Public money from Freddie Mac and Fannie Mae flood into the speculative market for multifamily homes, a largely unregulated, subsidized speculative bonanza that lets the wealthy make bets and the poor pay their losses.

In response, tenants unions are popping up all across the country, especially in red state cities like Bozeman, MT and Louisville, KY. They organize for "just cause" evictions that ban landlords from taking their homes away. They seek fair housing voucher distribution practices. They seek to close eviction loopholes like the LA wheeze that lets landlords kick you out following "renovations."

The National Tenant Policy Agenda demands "national rent caps, anti-eviction protections, habitability standards, and antitrust action," measures that would immediately and profoundly improve the lives of millions of American workers:

https://docs.google.com/document/d/1JF1-fTalW1tOBO0FhYDcVvEd1kQ2HIzkYFNRo6zmSsg/edit

They caution that it's not enough to merely increase housing supply. Without a strong countervailing force from organized tenants, new housing can be just another source of extraction and speculation for the rich. They say that the Federal Housing Finance Agency – regulator for Fannie and Freddie – could play an active role in ensuring that new housing addresses the needs of people, not corporations.

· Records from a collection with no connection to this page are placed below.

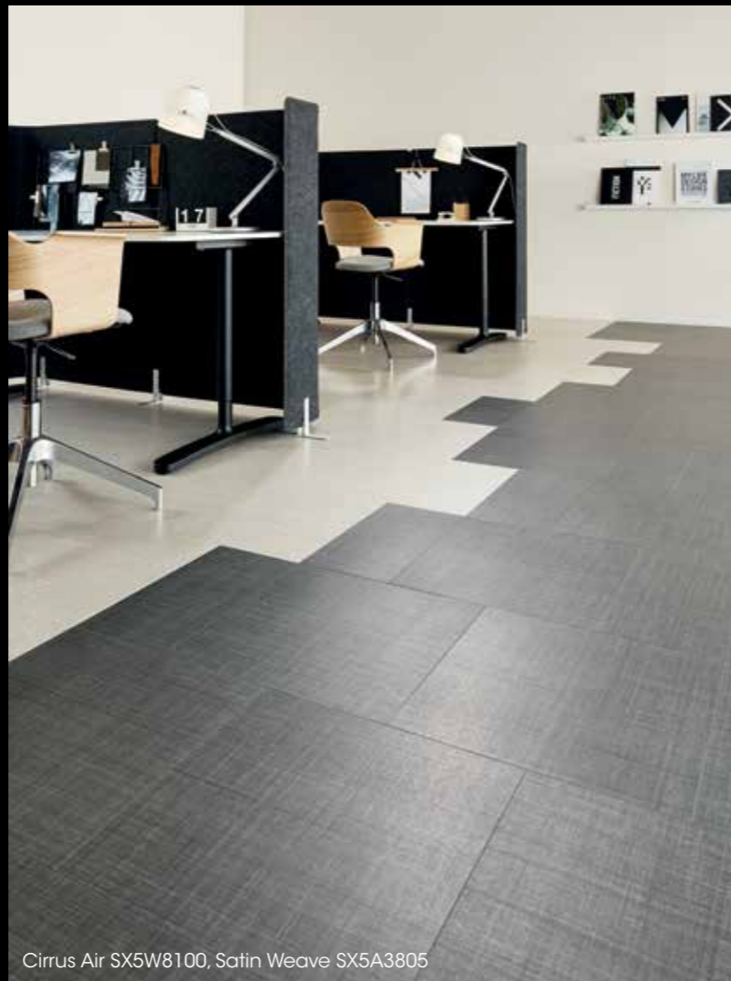
Cirrus Air SX5W8100, Satin Weave SX5A3805

Allow us to explore the options with you. Over 50 years of experience in manufacturing and designing flooring for demanding environments means we can be your next expert partner.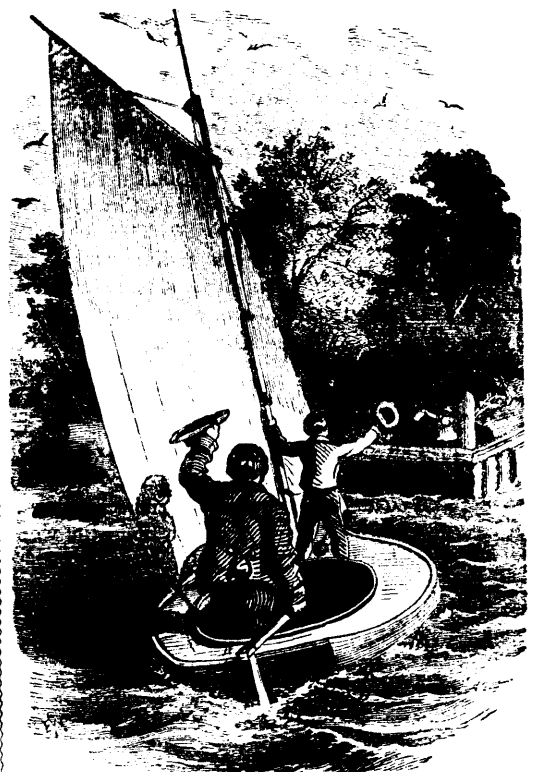
FATHER'S WELCOME HOME.

Below is the raft again. How sad those boys look now! You would hardly think them the same boys you see in the other picture. They are meant for the same, however. But why are they so much troubled? What makes them wear such long, sober faces? I will tell you. They are disobedient now. They took the raft this time without permission. Worse, they took it against positive orders never to get upon it unless their big brother or father was with them. But to-day they thought it would be fine fun to go out by themselves. They pushed it from the shore, hoisted the sail, and for a while were as gay as two silly butterflies. But very soon they found the raft going far away from their island home. They could not steer it round. They could not pull down the sail. Then it seemed that they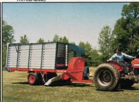
THE LARGE CAPACITY BROUWER-VAC 155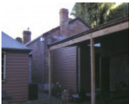
former blacksmiths cottage & shop main street bacchus marsh rear of shop 1997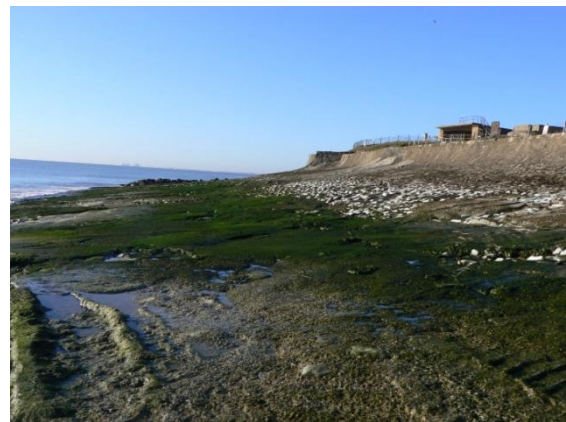
Here the exit is confusing as the path leads to locked gates. The only way out is across a slippery sloping apron on the seaward side of the Redoubt leading to a concrete ramp. This would not be possible at high tide.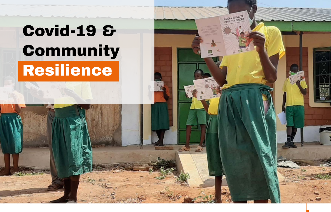
Kenya, Comic books distribution in Kitui county, Kasarani primary school.

The COVID-19 pandemic is testing the resilience of communities globally, with very differentiated impacts, exacerbating existing inequities and creating new ones. To help shape an evidencebased response to COVID-19, Alliance 2015 members jointly conducted a survey in 25 countries, covering over 16,000 women, men and trans/non-binary people over a two-month period (from mid-October to mid-December 2020). The large sample size and distribution of respondents, living in urban, rural and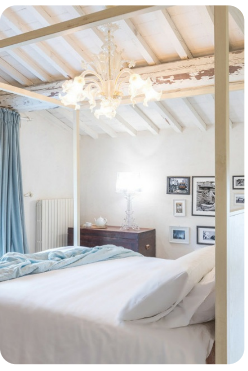
Torre Ginestre | Page 6 of 8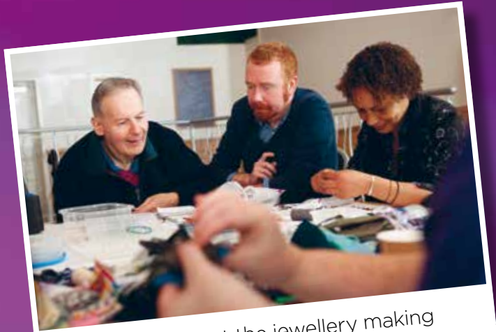
Getting creative at the jewellery making workshop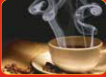
Drinks & Beverages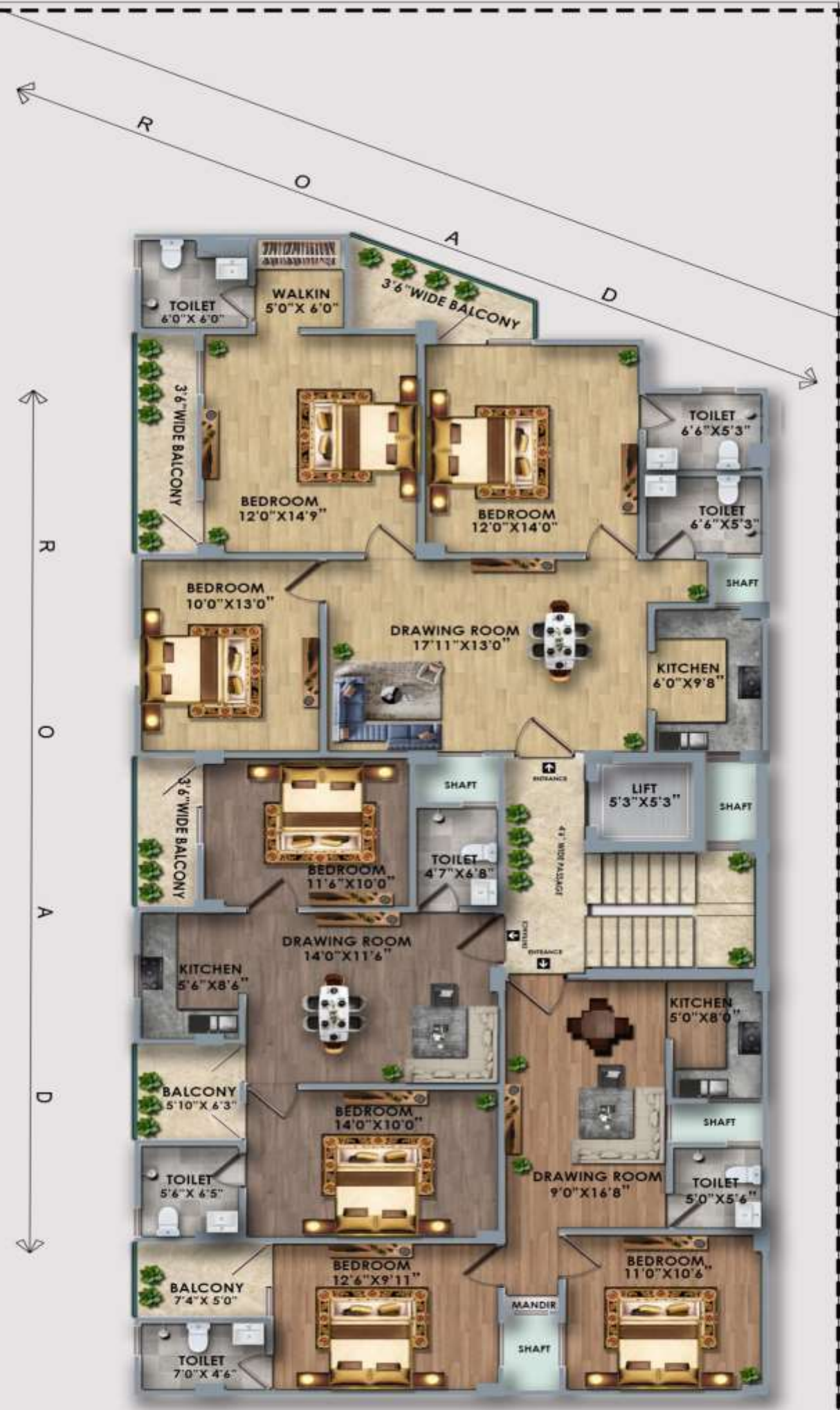
PROPOSAL LAYOUT PLAN @Typical Floor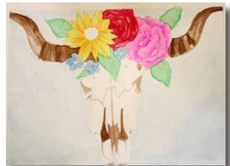
“Flowers and Skull”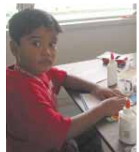
Sunday School children.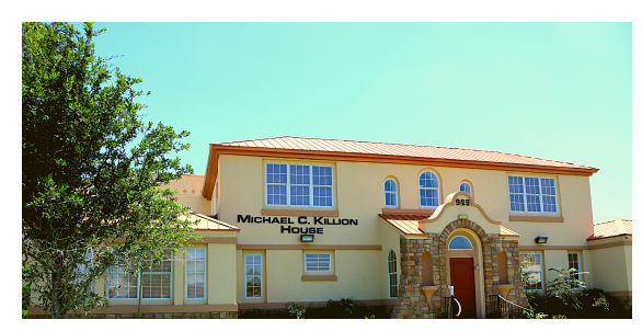
Centrally located, about 1/2 mile from the ECISD Administration Building

In the meantime, a tenants' union in KC successfully used a rent strike – where every tenant in a building refuses to pay rent – to get millions in overdue repairs. More strikes are planned across the country.

The American system is in crisis. A country that cannot house its people is a failure. As Rachael Dziaba writes in the final piece for the package, the situation is so bad that water has started to flow uphill: the cities with the most inward migration have the least job growth:

https://prospect.org/infrastructure/housing/2024-10-18-housing-blues/

It's not just housing, of course. Americans pay more for health care than anyone else in the rich world and get worse outcomes than anyone else in the rich world. Their monopoly grocers have spiked their food prices. The incoming administration has declared war on public education and seeks to relegate poor children to unsupervised schools where "education" can consist of filling in forms on a Chromebook and learning that the Earth is only 5,000 years old.

A system that can't shelter, feed, educate or care for its people is a failure. People in failed states will vote for anyone who promises to tear the system down. The decision to turn life's necessities over to unregulated, uncaring markets has produced a populace who are so desperate for change, they'll even vote for their own destruction.